Dănilă Artiomov

Personal information
- Nationality: Moldova
- Born: 16 October 1994 (age 31) Tiraspol, Transnistria, Moldova
- Height: 1.88 m (6 ft 2 in)
- Weight: 79 kg (174 lb)

Sport
- Sport: Swimming
- Strokes: Breaststroke

Medal record
Men's swimming
Representing Moldova
European Junior Championships
| Gold medal – first place | 2012 Antwerp | 100 m breaststroke |

= Dănilă Artiomov =

Moldovan swimmer (born 1994)

Dănilă Artiomov (born 16 October 1994 in Tiraspol) is a Moldovan swimmer, who specialized in breaststroke events. Artiomov established a Moldovan record of 1:01.60 to earn a gold medal in the boys' 100 m breaststroke at the 2012 European Junior Swimming Championships in Antwerp, Belgium.

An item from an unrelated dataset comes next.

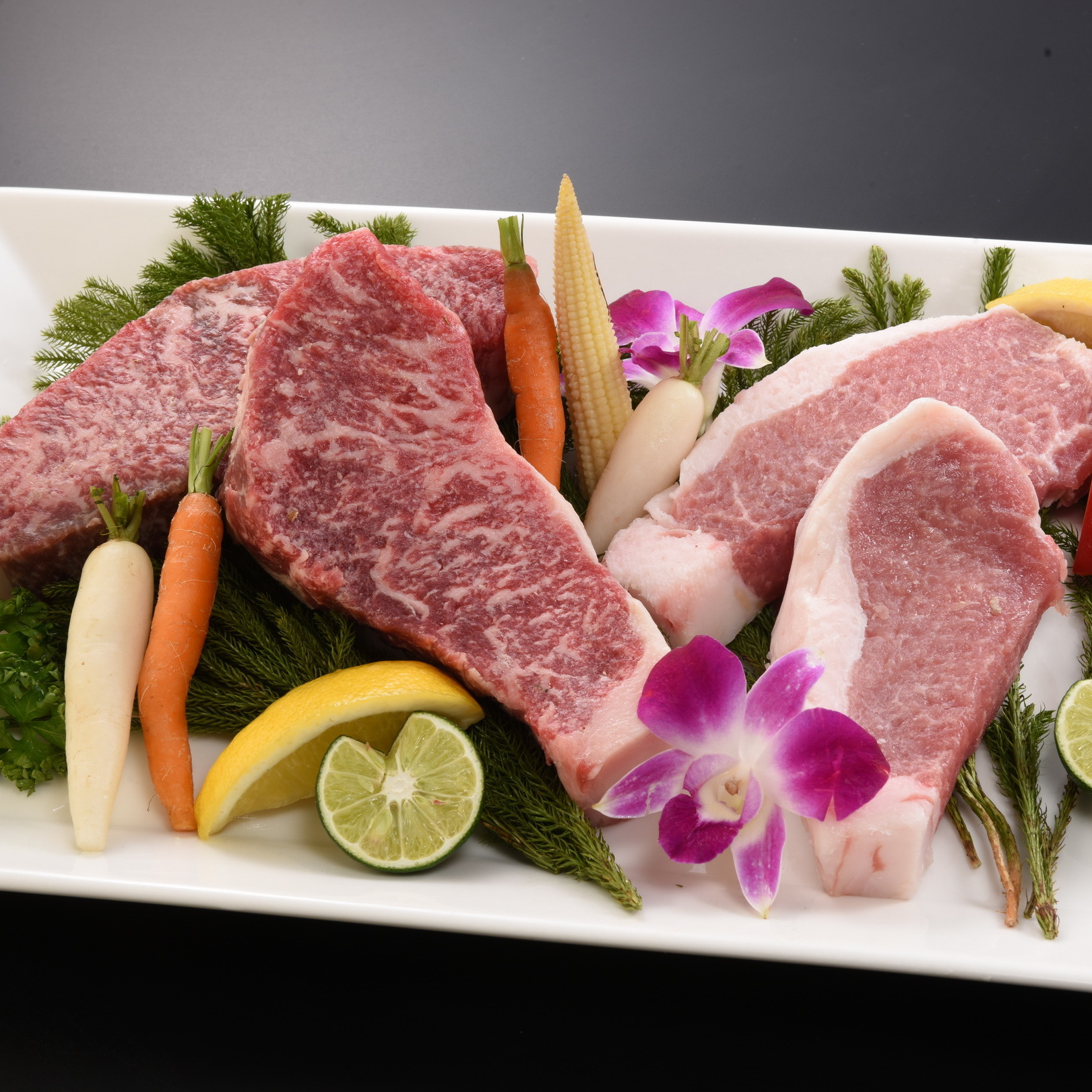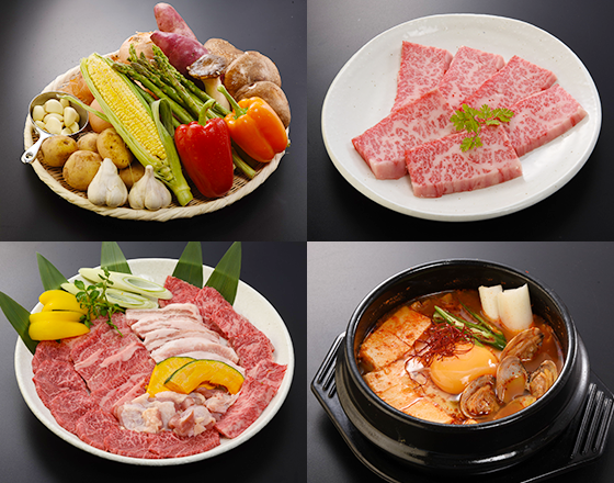 牛肉は和牛A5にこだわり、豚肉は北海道産の十勝黒豚他銘柄豚を使用、鶏肉は鳥取県産の大山鶏をご提供。
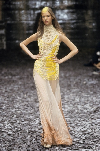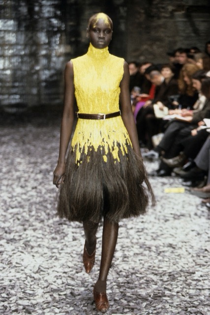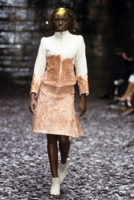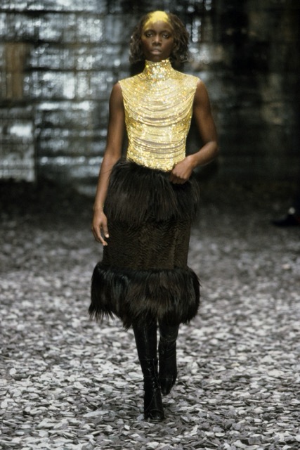 The use of traditional Yoruba elements, such as scarification motifs, horsehair headpieces, and beadwork, added depth and historical resonance. McQueen’s references to African rituals, from Yoruba masks to body modification, were rich in storytelling but sometimes veered into a chaotic mix of cultural symbolism. For instance, pairing Kenyan beading with Mursi lip plates and Victorian details created moments of brilliance, yet also felt jarring and disconnected.

Artiomov qualified for the men's 100 m breaststroke at the 2012 Summer Olympics in London by eclipsing a FINA B-standard entry time of 1:02.30 from the Ukrainian Championships in Dnipropetrovsk. He challenged seven other swimmers on the second heat, including Olympic veterans Malick Fall of Senegal, Vladislav Polyakov of Kazakhstan, and Jakob Jóhann Sveinsson of Iceland. Artiomov rounded out the field to last place by nine hundredths of a second (0.09) behind Syria's Azad Al-Barazi in 1:03.57. Artiomov failed to advance into the semifinals, as he placed fortieth overall in the preliminaries.